Para o procurador da República, “após a elaboração, no ano de 2009, de um mapa situacional dos Kanela do Araguaia, durante uma oficina cartográfica do Projeto Nova Cartografia Social da Amazônia, os Kanelas do Araguaia fortaleceram sua percepção acerca do espaço territorial no qual estão instalados”. Em 2013 os troncos familiares se reuniram e desde então se tornou pública a apropriação dos Kanela do Araguaia do que os indígenas passaram a chamar de Aldeia Porto Velho.
“Embora a área da Aldeia Porto Velho, debatida nesta ação possessória, não se trate ainda de área declarada indígena pelo Estado brasileiro, a tradicionalidade da ocupação exercida pelo povo Kanela do Araguaia encontra-se evidenciada em diversos documentos oficiais, nos três níveis da federação (…) elementos de prova atestam a ocupação de dezenas de famílias da etnia Kanela sobre a área originalmente identificada como “Fazenda Bom Jesus”. Referidas famílias compõem o núcleo familiar originário de Cândido Ferreira Rocha e Júlia Pereira Rocha” conclui o procurador.
Ameaças e pressões
Para o procurador da República, os direitos territoriais dos povos indígenas constituem autêntico direito fundamental, pelo qual se resguarda a identidade de cada membro da comunidade e o caráter pluriétnico da sociedade brasileira. “Em se tratando de comunidades indígenas, o rompimento das relações com o território enseja intenso sofrimento psíquico, além do desamparo material decorrente da privação dos meios necessários à sobrevivência física dos indivíduos do grupo”, defende.
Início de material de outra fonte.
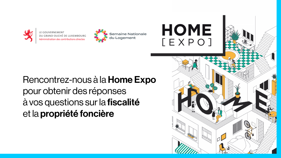 L’Administration des contributions directes sera présente au salon « Home Expo », qui se tiendra à Luxexpo The Box du 9 au 12 octobre 2025. Nos experts répondront à vos questions sur la fiscalité et la propriété foncière. Ne manquez pas cette occasion !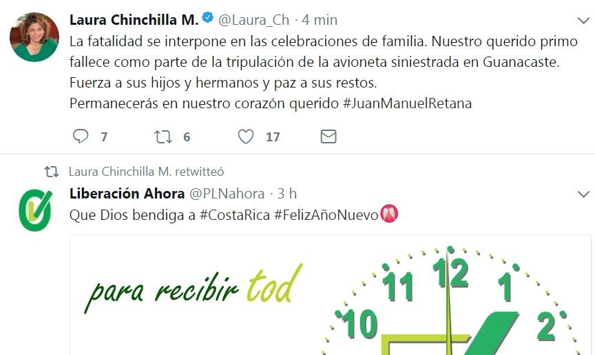 Así lo dio a conocer Chinchilla por medio de su cuenta oficial de Twitter, en donde dijo que “la fatalidad se interpone en las celebraciones de familia”, pues su primo Juan Manuel Retana, de 52 años, era uno de los 12 fallecidos.

“O que a gente sente”, atesta o cacique Lucas Kanela, “é que quando passamos a existir pra essa gente passamos a ser uma ameaça e então não existem direitos. Até um momento, enquanto servíamos pra mão de obra barata, toleravam”. Todas as ameças e pressões exercidas contra os Kanela foram descritas pela ação do MPF como prova da necessidade da Justiça Federal garantir a posse, e assim inibir novas investidas contra os indígenas – que agora aguardam a conclusão da demarcação pelo governo federal.